START Recorded data
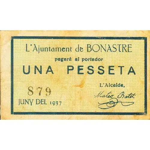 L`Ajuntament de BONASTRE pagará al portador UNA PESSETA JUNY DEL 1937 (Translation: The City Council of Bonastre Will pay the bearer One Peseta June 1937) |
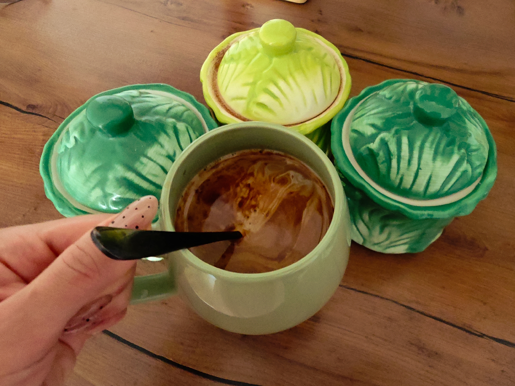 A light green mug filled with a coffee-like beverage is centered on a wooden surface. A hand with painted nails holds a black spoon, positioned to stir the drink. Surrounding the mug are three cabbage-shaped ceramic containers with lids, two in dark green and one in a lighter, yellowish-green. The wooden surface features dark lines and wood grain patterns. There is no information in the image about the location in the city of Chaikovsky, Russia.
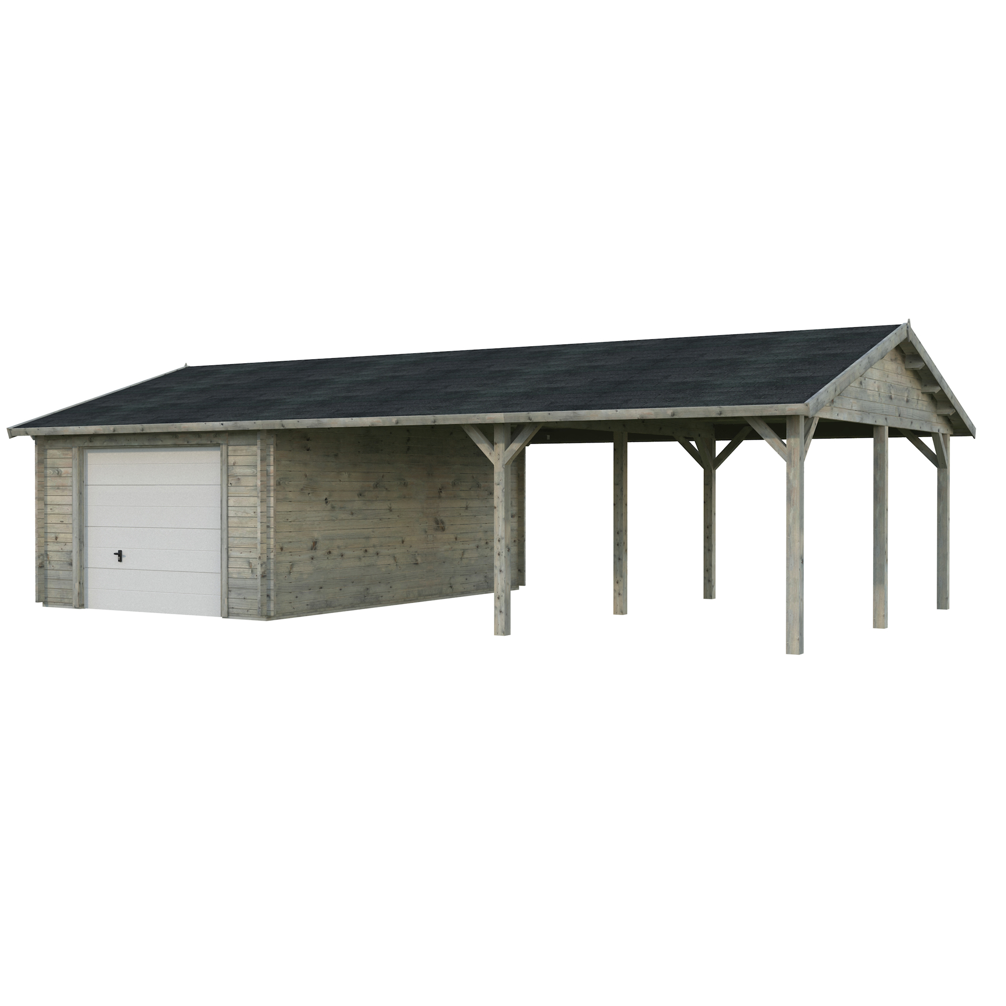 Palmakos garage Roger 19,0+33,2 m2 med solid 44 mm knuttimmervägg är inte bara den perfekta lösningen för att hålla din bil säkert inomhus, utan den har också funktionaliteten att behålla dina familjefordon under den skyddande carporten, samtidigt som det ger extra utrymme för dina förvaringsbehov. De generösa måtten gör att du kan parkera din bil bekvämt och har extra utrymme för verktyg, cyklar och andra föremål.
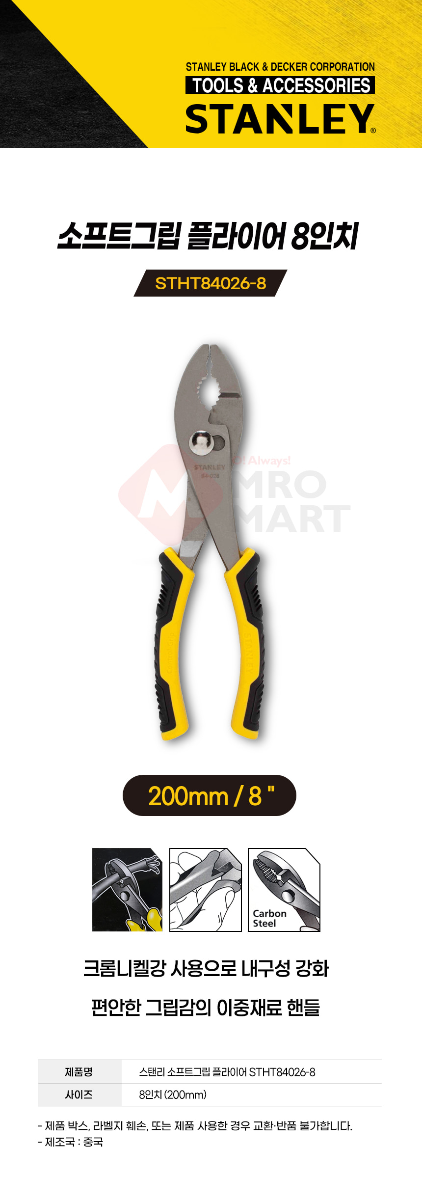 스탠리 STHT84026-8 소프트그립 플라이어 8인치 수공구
END Recorded data
__Problem to work on__
Output the material above verbatim but exclude each picture.

__Task response__
 L`Ajuntament de BONASTRE pagará al portador UNA PESSETA JUNY DEL 1937 (Translation: The City Council of Bonastre Will pay the bearer One Peseta June 1937) |
 A light green mug filled with a coffee-like beverage is centered on a wooden surface. A hand with painted nails holds a black spoon, positioned to stir the drink. Surrounding the mug are three cabbage-shaped ceramic containers with lids, two in dark green and one in a lighter, yellowish-green. The wooden surface features dark lines and wood grain patterns. There is no information in the image about the location in the city of Chaikovsky, Russia.
 Palmakos garage Roger 19,0+33,2 m2 med solid 44 mm knuttimmervägg är inte bara den perfekta lösningen för att hålla din bil säkert inomhus, utan den har också funktionaliteten att behålla dina familjefordon under den skyddande carporten, samtidigt som det ger extra utrymme för dina förvaringsbehov. De generösa måtten gör att du kan parkera din bil bekvämt och har extra utrymme för verktyg, cyklar och andra föremål.
 스탠리 STHT84026-8 소프트그립 플라이어 8인치 수공구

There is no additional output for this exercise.